The DPM model posits that practice in a task allows regularly rehearsed processing steps to be exported from the basal ganglia and/or cerebellum to the area of cerebral cortex to which the channel projects. The control of primary movements can be exported to the motor cortex since they are rehearsed in every trial. In contrast, the corrective submovements vary substantially from trial to trial, so nothing regular is rehearsed. This model of knowledge transfer from the basal ganglia to the cerebral cortex is supported by combined recordings of single cell activity from the neostriatum and frontal cortex. It is also supported by simulations of dopamine modulation in the basal ganglia and by imaging data
Comprehension of brain dynamics may require an understanding of the assembly language of the brain, its machine language so to speak. The model used here assumes that the brain's assembly language is the firing rate of its individual neurons. The output of each DPM is a vector of firing rates in its population of output neurons. Although population discharge contains some information in addition to its rate code, due to the tendency for population activity to become synchronized, the evidence that synchronization is actually used to control actions is meagre. The key issue for us concerns whether or not there exists a biophysical mechanism for decoding a synchronicity signal into a selected action. Since thus far none have been documented, we treated synchronicity as an epiphenomenon and decided to focus our modelling efforts on firing rate, ignoring the detailed timing of action potentials.

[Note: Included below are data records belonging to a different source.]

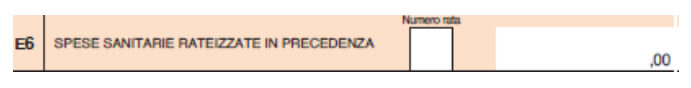 I contribuenti invece che nelle precedenti dichiarazioni dei redditi, avendo sostenuto spese sanitarie per un importo superiore a euro 15.493,71, hanno optato negli anni d’imposta 2013 e/o 2014 e/o 2015 per la rateizzazione di tali spese, devono riportare nella dichiarazione dei redditi, nel rigo E6 (o RP6 in caso di modello Redditi) gli importi di cui è stata chiesta la rateizzazione.
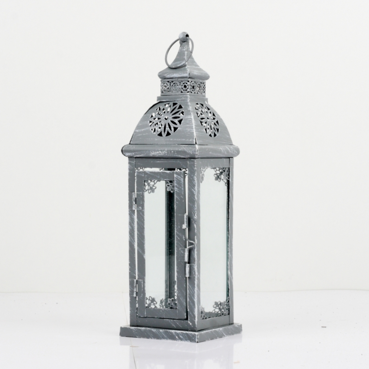 Kovová lucerna šedá s patinou zdobená 52cm rozzáří světlem svíčky celý prostor obývacího pokoje, chodby i venkovní sezení pod zastřešenou pergolou. Příjemnou a útulnou atmosféru si můžete vytvořit kdekoliv budete chtít.
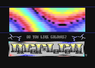 Here you see the plasma-part. There is a little story about this: Somehow in the hectic of the last ours before the deadline there came an old version of this part in the demo. There should be an $d016-interlace over the plasma, but in this version it's static.
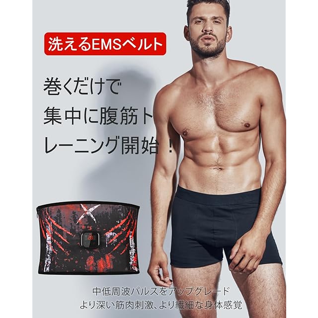 【2025全新モデル 洗えEMS腹筋ベルト】ジェルシート不要 8種類モード 30段階強度 柔らかい軽い生地 USB充電式 液晶表示 腹筋エクササイズ 腹筋トレーニング器具 サイズ調節可能 男女兼用 日本語説明(レッド)
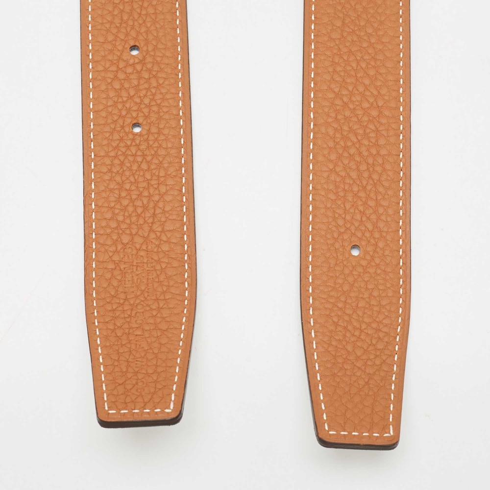 Upgrade your style with this Hermès belt strap in Gold and Noir. Made from premium Togo and Box leather, this reversible strap offers a luxe touch to any outfit.Certified by The Luxury Closet - This item has gone through a detailed authentication process overseen by our experts. We offer a lifetime guarantee of authenticity on all our items. Import duties, taxes and charges are not included in the item price. These charges are the buyers responsibility. Please check with your country’s customs office to determine what these additional cost will be prior to buying. Our eBay Store About Us Contact Us Add to Favorite Sellers Hermes Gold/Noir Togo and Box Leather Reversible Belt Strap 90 CM $503.8 Upgrade your style with this Hermès belt strap in Gold and Noir. Made from premium Togo and Box leather, this reversible strap offers a luxe touch to any outfit. Product Details Brand Color Brown Dimensions Width: 3 cm, Length: 90 cm Material Leather Size 90 CM Outsole Width Outsole Length Heel Height Includes Original Dustbag, Original Box Certified by The Luxury Closet This item has gone through a detailed authentication process overseen by our experts. We offer a lifetime guarantee of authenticity on all our items. How We Check The in-house team of experts at The Luxury Closet is highly trained to verify the authenticity and the condition of the luxury products. They ensure that only 100% authentic items are put on sale.The evaluation process is unique with its own mix of assessment criteria and differs according to the category. Each item is evaluated based on the following combination of hallmarks, hardware, stitching, symmetry, material, craftsmanship, stamping, codes, hologram stickers, and packaging. Our authenticators also check if the items have been modified or amended (e.g., aftermarket diamonds, replaced batteries, repaired bags, etc.) International Buyers Import duties, taxes and charges are not included in the item price. These charges are the buyers responsibility. Please check with your country’s customs office to determine what these additional cost will be prior to buying.

Our model of action selection is motivated by the existence of powerful computational features in the loops through the basal ganglia. The pattern classification operation takes place in the striatal layer of a DPM. Computationally powerful pattern classification derives from several unique features of striatal medium spiny neurons. These features include (i) a high convergence ratio that presents nearly 20,000 different cortical inputs to any given spiny neuron, (ii) a three-factor learning rule that uses reward-predicting training signals from dopamine neurons to consolidate long-term potentiation learning, (iii) an attentional neuromodulatory factor that induces bistability and nonlinear amplification in spiny neurons, and (iv) competition among spiny neurons mediated by presynaptic and postsynaptic collateral inhibition.

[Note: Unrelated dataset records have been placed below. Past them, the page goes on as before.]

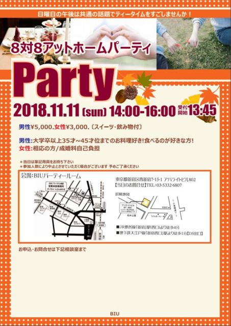 £¸ÂУ¸¡÷¥Û¡¼¥à¥Ñ¡¼¥Æ¥£¡¼11·î11Æü(Æü) Æü»þ 2018ǯ11·î11Æü(Æü)¡¡14:00¡Á16:00¡Ê¼õÉÕ13:45¡Á¡Ë ¾ì½ê BIU¥Ñ¡¼¥Æ¥£¡¼¥ë¡¼¥à¡Ê¿·½É¶è¡Ë »²²ÃÈñ ÃËÀ¡§\5000¡¡½÷À¡§\3000 ÂÐ¾Ý ÃËÀ¡§35¡Á45ºÍ°Ì¤Þ¤Ç¤ÎÂ細ʾå¤ÎÊý¡¡¤ªÎÁÍý¹¥¤¡ª¿©¤Ù¤ë¤Î¤¬¹¥¤¡ª¤ÊÊý ½÷À¡§Áê±þ¤ÎÊý¡ÊÀ®º§ÎÁ¼«¸ÊÉéô¡Ë Äê°÷¿ô ÃËÀ8̾ ½÷À8̾ ÆâÍÆ ÈþÌ£¤·¤¤¤ªÎÁÍý¤ò¿©¤Ù¤ë»þ¡¢¡ÖÈþÌ£¤·¤¤¡Á¡ª¡×¤Ã¤Æ¶¦´¶¤¹¤ëÊý¤¬Î٤ˤ¤¤ë¤È¤è¤ê³Ú¤·¤¤¤Ç¤¹¤è¤Í¢ö °ì½ï¤ËÈþÌ£¤·¤¤¤â¤Î¤ò¿©¤Ù¤Ë½Ð¤«¤±¤¿¤ê¡¢°ì½ï¤Ë¤ªÎÁÍý¤òºî¤Ã¤¿¤ê¡¢»þ¤Ë¤ÏÏÓ¤ò¿¶¤ë¤Ã¤Æ¤´ÃÚÁö¤·¤¿¤ê¡Ä¡£ ¿©¤Ù¤ë¤³¤È¤¬¹¥¤¤ÊÃËÀ¤È¡¢
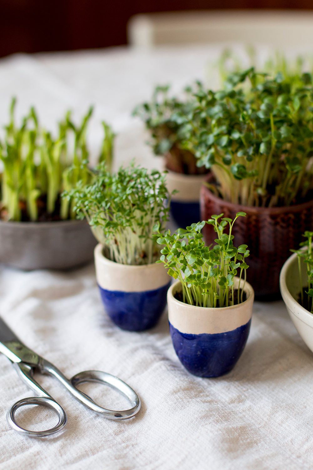 Valon lisääntyessä on ihan pakko ruveta kylvöhommiin. Palstaistutuksia en ole ihan vielä ehtinyt suunnitella, mutta sen sijaan kylvin muutamia nopeakasvuisia ruokapöytään sopivia kasveja syötäväksi ja pöydän somistukseksi. Aika ihania pehkoja!
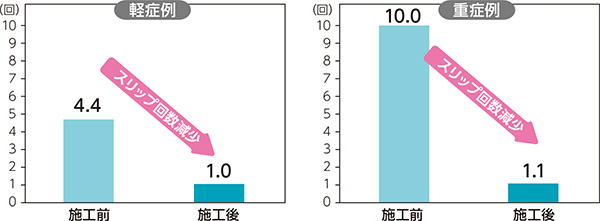 「滑り止めコーティング剤」を施工したフローリングと未施工のフローリングにおいて、関節または神経の疾患を持つ犬(30頭)の歩様を比較解析した結果、施工したフローリングでは滑らない、もしくは滑る回数が減少しました。
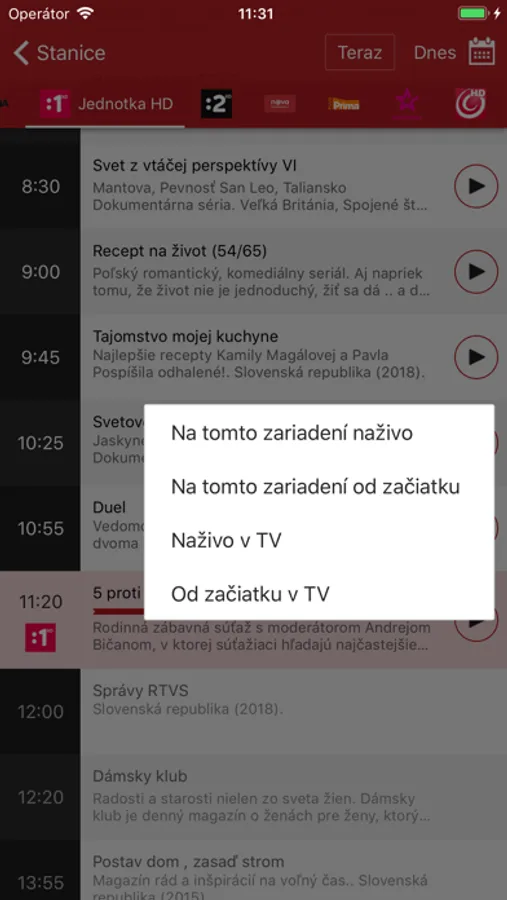 Prezrite si v pohodlí TV program na svojom mobilnom zariadení, vyhľadajte si a označte zaujímavé relácie alebo si spustite prehrávanie relácie z mobilu priamo na svojom TV.
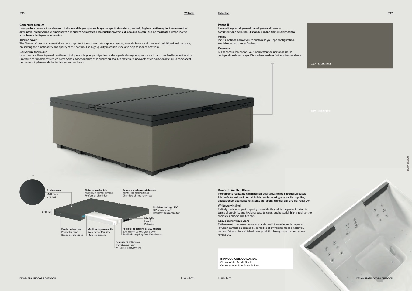 configurazione della spa. Disponibili in due finiture di tendenza.
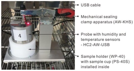 The relative humidity inside the CNT-reinforced cementitious composites was measured using the setup shown in Figure 6. Approximately two-thirds of the disposable cylindrical sample cup (diameter of 45 mm and height of 40 mm) was filled with the specimen to be measured. A temperature humidity probe (HC2-AW-USB, Switzerland, Rotronic AG) was then fixed on top of the sample holder containing the sample cup. These were mechanically fixed by the clamp sealing apparatus during the test to minimize the influence of the surrounding environment. The measured relative humidity was automatically recorded in a connected computer every 5 min. For each mixture, the RH values of the three specimens were measured and the average value was used.

The anatomically demonstrated projections that loop back to the same area of cortex from which they derive allow cortical-basal ganglionic modules to perform serial order processing. This feature allows them in principle to implement immediate serial order recall from working memories of a sequence. Long-term memories of serial order could be stored in cortico-cortical synapses or in the synapses between cortical neurons and striatal spiny neurons. The latter storage mechanism is thought to have a larger memory capacity for salient information. The recall of previously learned sequences should also be efficient because cortical-basal ganglionic modules implement parallel searches through a vast repertoire of past experiences stored in the synapses of spiny neurons.

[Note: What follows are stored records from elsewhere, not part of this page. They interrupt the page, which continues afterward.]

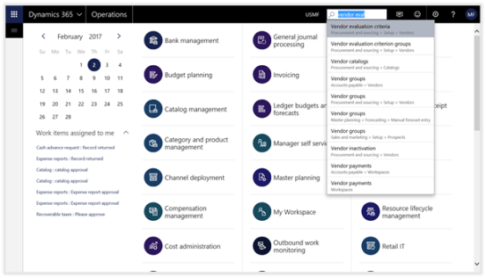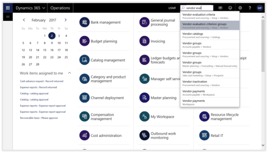 Alternatively, you can search for the Vendor evaluation criteria form by clicking on the search icon in the header of the form (or press ALT+G) and then type in vendor eval into the search box. Then you will be able to select the Vendor evaluation criteria maintenance form from the dropdown list.
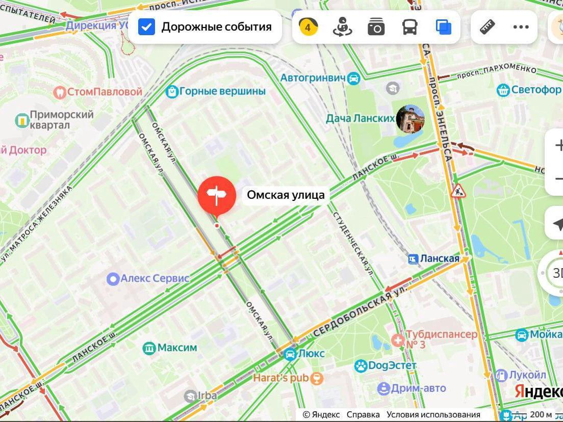 A map showing the intersection of Lanskoye Highway and Omskaya Street where the flooding occurred.
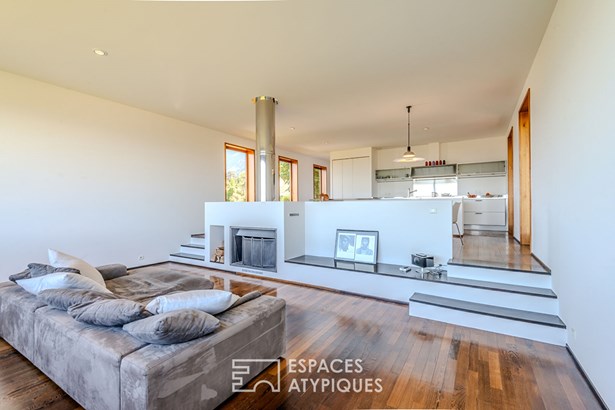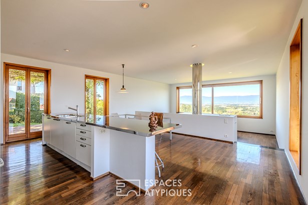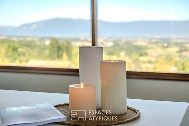 Inspired by the dominant position of the location, the architect who designed this unique living space imagined a habitat open to the exceptional panorama that surrounds it. The breathtaking view of the Genevois gives the sensation of being suspended with only the visual limits, the Jura massif, Lake Geneva and the unmissable Geneva water jet.

We posit that both serial order recall and online error correction are prime examples of natural action selection. They appear to use analogous mechanisms for signal processing in their respective DPMs. Models comprising networks of DPMs may provide a useful substrate for studying complex behaviours and for exploring the underlying dynamics of the mind. Such simulations may help us to understand the aetiology and treatment of Parkinson's disease, ADHD and schizophrenia.